Подняв голову, она увидела, что Мэйв качает головой, и у нее замерло сердце.

– Нет, он так и не стал католиком. Мой отец не утратил веры, несмотря на все, что произошло, и до самой смерти принимал активное участие в жизни церкви. Он бы знал, если бы Лео решился на этот шаг. Ему бы обязательно сообщили.

Виктория почувствовала, что ее бьет дрожь. Она вспомнила все торжественные клятвы Лео за прошедшие годы. И его печальный взгляд. «Я не могу жениться на тебе, моя дорогая девочка. Мне очень жаль, но это против моей веры». Еще одна ложь. Виктория скрестила руки на груди, чувствуя, что у нее стучат зубы. Она была в ярости не только на себя, но и на Патрика Гэннона, который проявил доброту к Лео. Вероятно, потом ему казалось, что он приютил в своем доме самого дьявола.

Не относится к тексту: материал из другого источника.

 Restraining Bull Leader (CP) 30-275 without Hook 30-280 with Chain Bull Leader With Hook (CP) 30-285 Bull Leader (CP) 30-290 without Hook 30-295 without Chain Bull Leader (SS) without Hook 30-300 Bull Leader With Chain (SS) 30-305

– Но ведь Лео учился в Королевском колледже музыки? – произнесла Виктория. – Я знаю, что ему выплачивали стипендию, но ее не хватало на жизнь. Где он брал деньги?

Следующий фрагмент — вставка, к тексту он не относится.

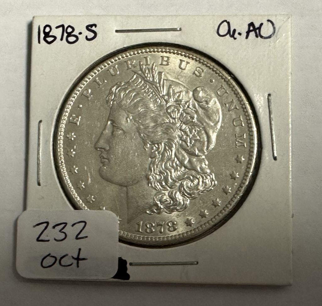 1878-S Morgan Silver Dollar AU, paper case, Location safe 1878-S Morgan Silver Dollar AU, paper case, Location safe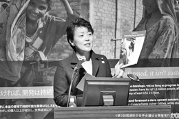 「女性と防災」テーマ館の特別プログラムとして、仙台市及び国連開発計画(UNDP)主催のシンポジウムが開催され、有村治子内閣府特命担当大臣(男女共同参画)が出席しました。
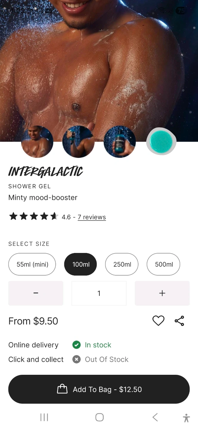 Selling a bottle of Lush Intergalactic shower gel! This shower gel cleanses in the cosmos with its sparkly mix of revitalizing peppermint and grapefruit. It's the 100ml size.
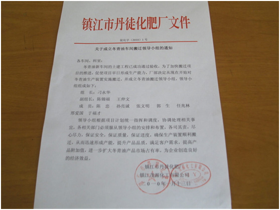 關(guān)于成立冬青油車(chē)間搬遷領(lǐng)導小組的通知

– Насколько я знаю, Лео с моей матерью виделись еще какое-то время. Думаю, она помогала ему деньгами. Но в итоге, конечно, они расстались. Наверное, из-за того, что она не смогла вынести его измен. – Мэйв усмехнулась. – Вот такая ирония судьбы! Я же больше никогда не видела его и не говорила с ним. – Посмотрев в лицо Виктории, она добавила: – Итак, теперь вам все известно. Думаю, вы понимаете, почему я не удивилась, услышав, что у вашего покойного мужа были другие женщины.

Виктория кивнула.

– Но зачем? – Она чувствовала, что ее мозг вот-вот взорвется от напряжения. – С какой стати ему предавать семью, которая так много сделала для него? Ведь он не мог не осознавать последствий.

Мэйв пожала плечами:

– Возбуждение, соблазн… Моя мать была очень красивой. Возможно, острые ощущения от риска или желание, чтобы им постоянно восхищались. Или уверенность, что он имеет на это право. Лео был красавцем, встречался с девушками задолго до того, как моя мать попала в его сети. Мы даже дразнили его Казановой. Я немного ревновала, однако восхищалась им. В том глупом подростковом возрасте я хотела верить, что Лео любит меня, просто пока не понял этого. – Мэйв улыбнулась и, расправив плечи, продолжила: – Как психиатр думаю, что у него имелись признаки нарциссического расстройства личности. Оглядываясь назад, я вижу: Лео желал, чтобы им восторгались, он был высокого мнения о себе, своей важности и исключительности, а это уже признак заболевания. Конечно, мы все виноваты в том, что в определенной степени поощряли в нем эти черты, особенно мои родители и его мать, Эльза. Они твердили, какой он замечательный и уникальный. Возможно, у него был сексуальный нарциссизм. Эгоцентричный стиль сексуального поведения, признаками которого является низкая самооценка и обостренное ощущение своих сексуальных возможностей и прав. Это могло бы объяснить обширные сексуальные связи Лео вне брака, о которых вы говорили. Понимаете, подобное поведение помогает компенсировать низкую самооценку и неспособность испытывать истинную близость с человеком.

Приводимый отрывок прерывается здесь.